The Nariel Creek Black and White Folk Festival started as a result of a workshop weekend (the Eight Hour Day weekend in Victoria), in 1963, on dances and tunes collected from the Nariel Valley (NE Victoria) in late 1962; at the Nariel Valley Boxing Day dance, actually. The players from whom the tunes and dances had been collected were the local band and that band played both at that workshop weekend and the festival that grew out of it. The festival was held on the local Recreation Reserve, alongside the creek and near the site of a Corroboree Ground, hence the reference to "Black and White".

The Nariel Creek Folk Festival (as it's now known) is the longest running folk festival in Oz and its workshop beginnings set the tone and style for the early National Folk Festivals that commenced (in Melbourne) in 1967. The last surviving member of that original Nariel Band (Keith Klippel) stll plays in the current Nariel Band and descendants of other originals still live in the area and play in the band. One, Ian Simpson, makes and plays Anglo concertinas and uses Australian timbers to make "penny whistles" that Disie, his wife, plays in the band; the whistles are highly thought of by the likes of Gray Larsen.

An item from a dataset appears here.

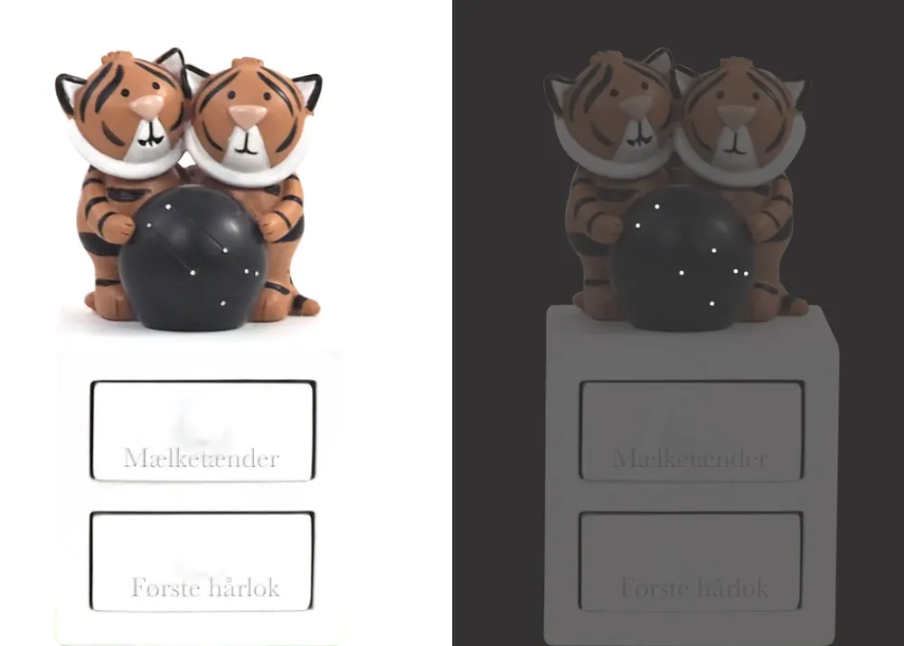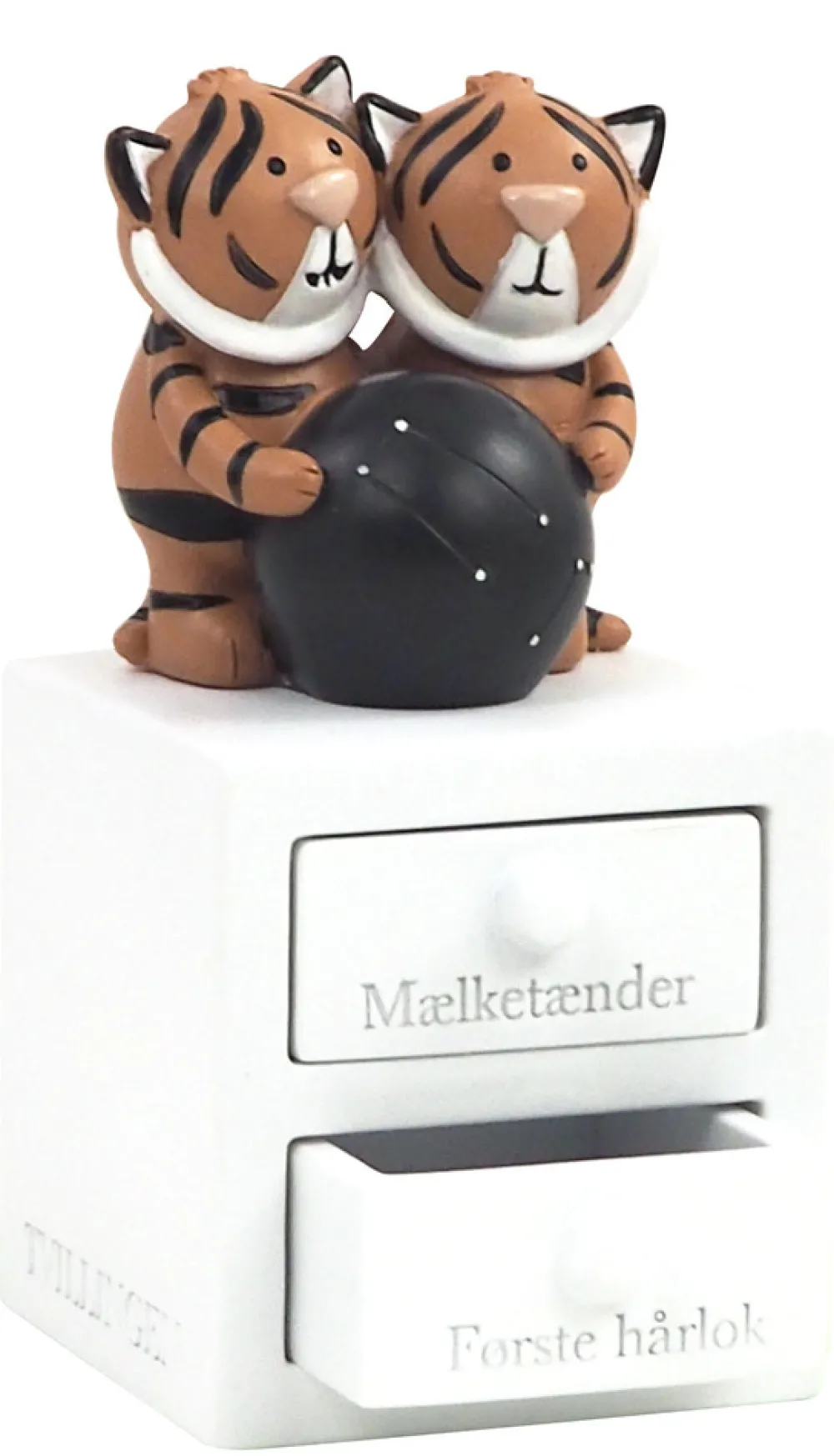 , som lyser i mørket. Figuren har to skuffer – En til første tand og en til hårlok. Super fin dåbsgave ide. Æsken er håndmalet så der kan være variationer.

Unlike most festivals (many of which, to me, are really just concerts that take over a town for a while) Nariel is low key, with no electricity, minimal cost ($25 to camp by the creek and $5 to go to the dances at the local hall (now in Cudgewa; the New Year's Eve dance on the Nariel green is free), nobody gets paid and communal cooking is 'the go' and lots of engagement. There's even a Beginners' Tree, where you can sit and play Boys of Blue Hill ad infinitum (and even poorly) free of criticism.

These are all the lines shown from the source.